Горобец светился, как начищенный самовар.

Неужели удалось?

- Заполнили? - спросила регистраторша. - Так... Сейчас проверим... Значит, вы оба ранее состояли в браке?.. Свидетельства о расторжении брака имеются?

- Есть... у меня, - сказал я. - А Наташе обещали через неделю.

- Вот через неделю и принесете, - думая о чем-то своем, сказала регистраторша. - Мне... Пока оформим документы, пока то да се... в общем, раньше десятого апреля никак не получается.

Она сверила свои расчеты с календарем.

- Да. Десятого. В десять приходите. Свидетели по вашему усмотрению, можете пригласить, а можете не приглашать.

- Вот и хорошо, - потер руки Горобец. - Мы как раз документы в райисполком везем двадцать первого, в понедельник.

- Ой, огромное вам спасибо, - вздохнула Наташа.

- Дочка у меня... тоже в санатории, - задумчиво сказала регистраторша.

И улыбнулась. Какое, оказывается, у нее молодое, красивое лицо. У нашей судьбы.
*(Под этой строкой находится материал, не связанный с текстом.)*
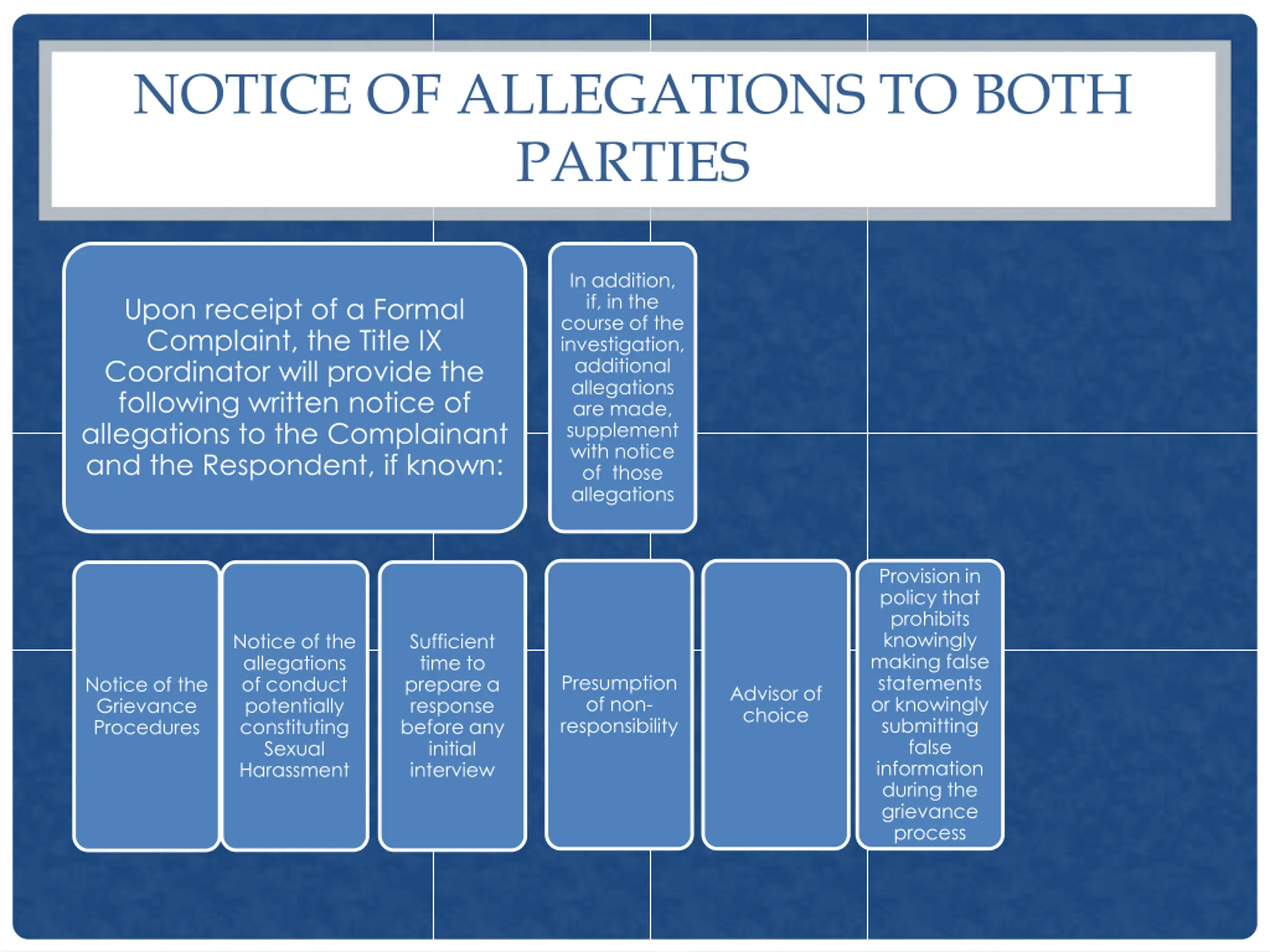 NOTICE OF ALLEGATIONS TO BOTH PARTIES In addition, if, in the course of the investigation, additional allegations are made, supplement with notice of those allegations Upon receipt of a Formal Complaint, the Title IX Coordinator will provide the following written notice of allegations to the Complainant and the Respondent, if known: Provision in policy that prohibits knowingly making false statements or knowingly submitting false information during the grievance process Notice of the allegations of conduct potentially constituting Sexual Harassment Sufficient time to prepare a response before any initial interview Presumption of non- responsibility Notice of the Grievance Procedures Advisor of choice

- Подождите, - осенило ее. Дайте-ка я в горзагс позвоню, вдруг у них побыстрее выйдет?

Вернулась мрачная, злая, расстроенная.

- Ничего не получается. Хотела, как лучше, а вышло по-другому. И даже запретили мне регистрировать вас десятого. Тринадцатого, не раньше. А это воскресенье... Все равно приходите. В десять. Я загс сама открою. Ничего...

Я не знал, как благодарить эту женщину. Вот он - свой человек для нас с Наташей.

Ее поступок похоже вдохновил даже Горобца.

- Ты не бойся, Валера. Мы, со своей стороны, тоже... - начал он, но так и осталось неизвестным, кто это мы и с какой стороны эти мы собираются что-то сделать для нас с Наташей.

И почему все-таки такое усталое лицо у регистраторши? Устала делать добро? Но делает же! Как и молодой судья, любитель хоккея, как и Малика, как и Горобец, в конце концов.

Значит, не все потеряно.

Значит, есть надежда. А надеждой жив человек.

Мы вышли вчетвером из загса.

Солнце в открытом небе смеялось теплой ватрушкой, сияло зеркально в стеклах зданий и, отражаясь от весенних луж, озаряло снизу лица прохожих розовым светом...

Счастье, вот оно счастье, вот его мгновение, которое так сильно, может быть, и не повторится больше никогда. Я был счастлив. Смеялась Наташа, улыбалась Лика, похохатывал Горобец.

Счастье?.. Какими стихами рассказать о счастье, какими словами передать это сильное, до дрожи, ощущение постоянного предчувствия, что оно сбылось, что оно есть и будет и невозможно без тебя...

Все к тебе.

Идет. Летит. Стремится.

Листьями к солнцу,

к парусу ветром,

дождем к земле.

Все к тебе.

Все к тебе.

Идет. Летит. Стремится.

Руками детскими к маме,

улыбкой к радости в доме,

ожиданием встречи в тепле.

Все к тебе.

Все к тебе.

Идет. Летит. Стремится.

Любовью даже во сне,

надеждой на луч во мгле,

верой, что жить на Земле.

Все к тебе.

Все к тебе.

Идет. Летит. Стремится.

Листьями, ветром, дождем,

руками, улыбкой, ожиданием,

любовью, надеждой и верой.

Все к тебе.

Идет.

Летит.

Стремится.

Как птица во мне...

Наташа поехала на вокзал, а мы вернулись в издательство.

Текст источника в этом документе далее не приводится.